Name
SERV_QUEUE_TOP — Retrieve target website and store within Virtuoso
Synopsis
WS.WS.
SERV_QUEUE_TOP
(
|
in target varchar , |
in WebDAV_collection varchar , | |
in update integer , | |
in debug integer , | |
in function_hook varchar , | |
in
data
any
) ; |
Description
Web Robot site retrieval can be performed with the WS.WS.SERV_QUEUE_TOP PL function integrated in to the Virtuoso server.
To run multiple walking robots all you simply need to do is kick them off from separate ODBC/SQL connections and all robots will walk together without overlapping.

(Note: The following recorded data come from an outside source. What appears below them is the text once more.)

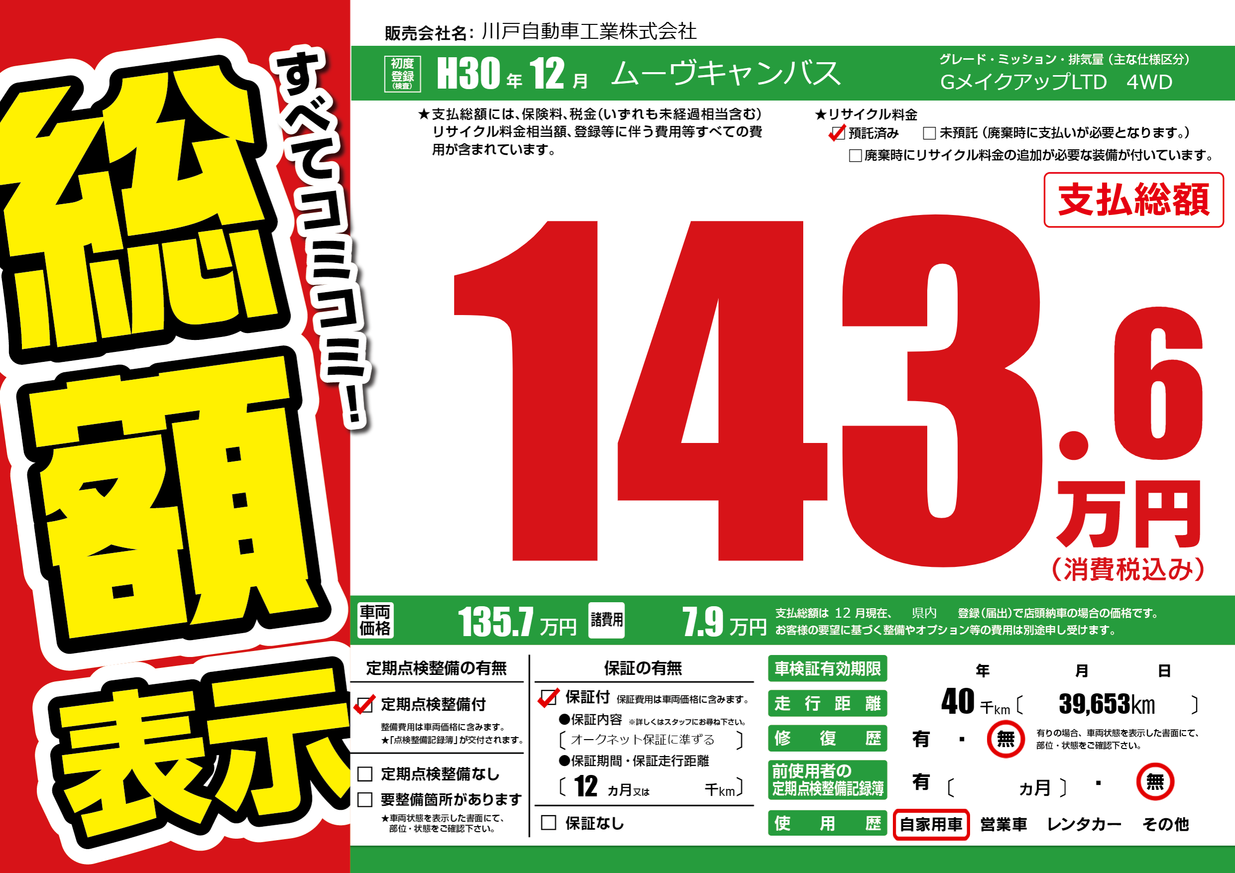 | 走行キロ | 4万km | 初年度登録 | H30年12月 |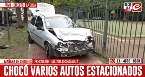 Sábado accidentado: la ciudad de Buenos Aires amaneció este feriado con diversos choques en algunos barrios, entre los cuales se destaca el impacto provocado por un automóvil Chevrolet Corsa gris, cuyo conductor supuestamente iba en contramano y colisionó a una importante velocidad a dos rodados que estaban estacionados sobre la calle.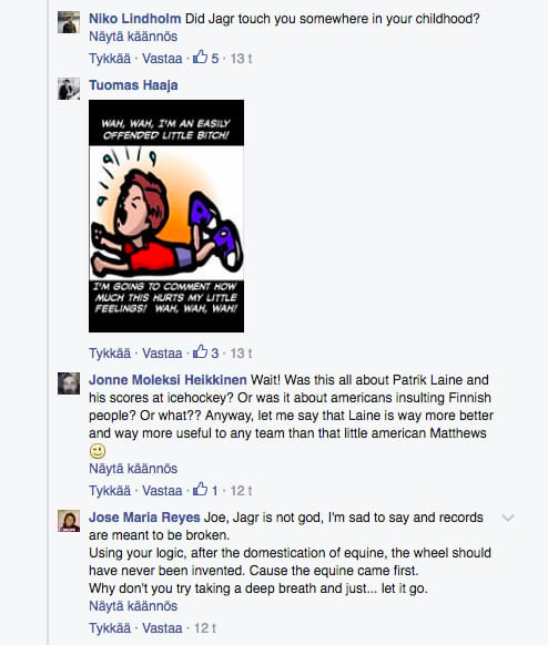 “Ethän vaan epäkunnioittanut Jagria tällä postauksella… Vitun luuseri”, Neglia kommentoi Hockey Memesin kuvaa.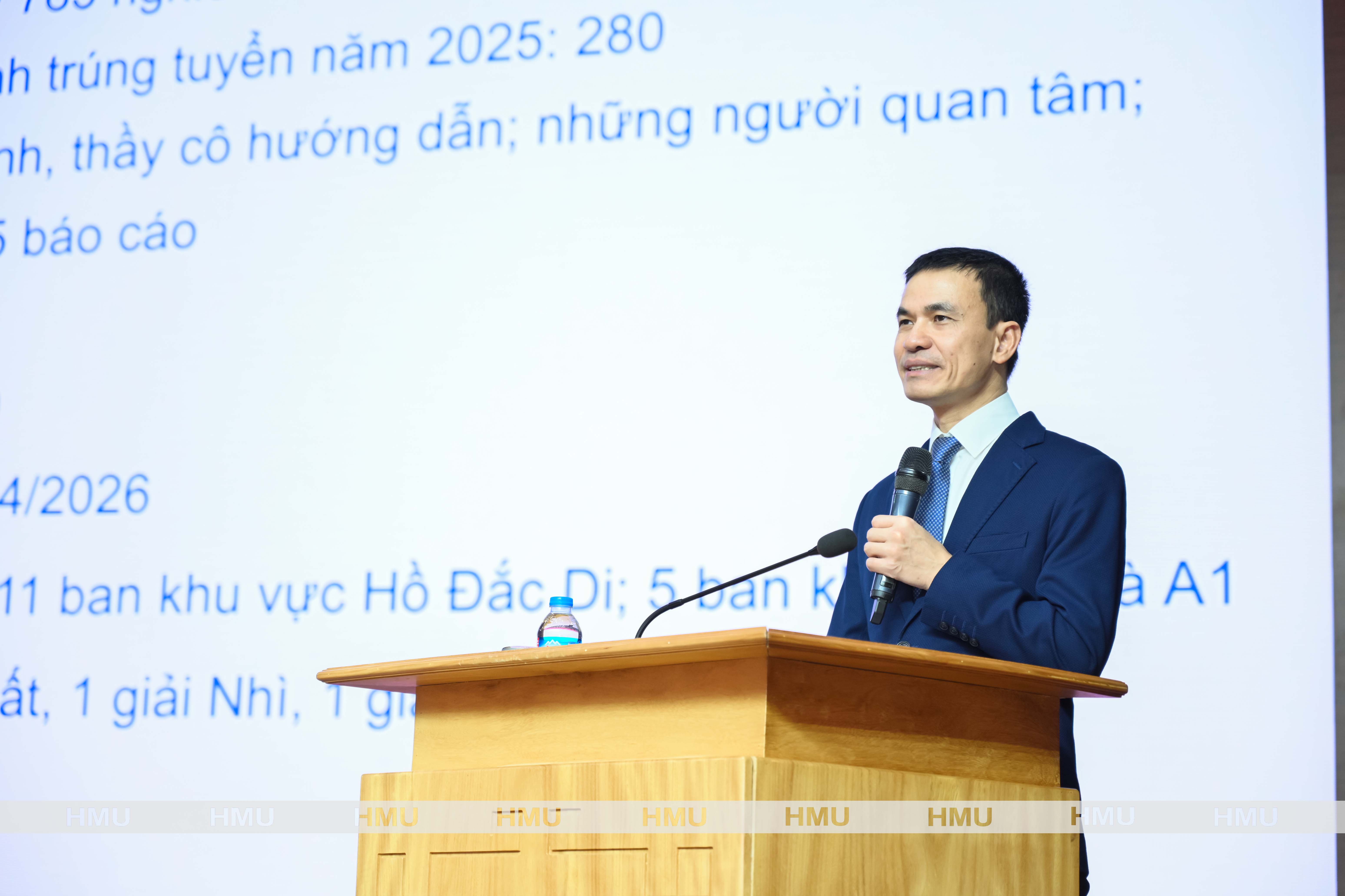 Hiệu trưởng bày tỏ lời cảm ơn sâu sắc tới hơn 80 thành viên Ban Giám khảo – là các giáo sư, chuyên gia đầu ngành và lãnh đạo các cơ sở y tế Trung ương và Hà Nội – đã dành trọn thời gian tham gia hội nghị. Theo GS Nguyễn Hữu Tú, đây chính là lực lượng đảm bảo chất lượng và chuẩn mực học thuật cho các công trình nghiên cứu.

From a VSP interface, after calling the retrieval function you may call http_flush to keep running tasks in the server and allowing the user agent to continue with other tasks.
Parameters
target
URI to target site.
WebDAV_collection
Local WebDAV collection to copy the content to.
update
Flag to set updatable, can be 1 or 0 for on or off respectably.
debug
Debug flag, must be set to 0
function_hook.
Fully qualified PL function hook name. If not supplied or NULL then the default function will be used.
data
application dependent data, usually an array, is passed to the PL function hook to perform next queue entry extraction. In our example we use an array with names of non-desired sites.
Examples
Example 24.370. Retrieve External Sites
WS.WS.SERV_QUEUE_TOP ( 'www.foo.com', 'sites/www_foo_com', 0, 0, 'DB.DBA.my_hook', vector ('www.skip.me','www.bar.com') );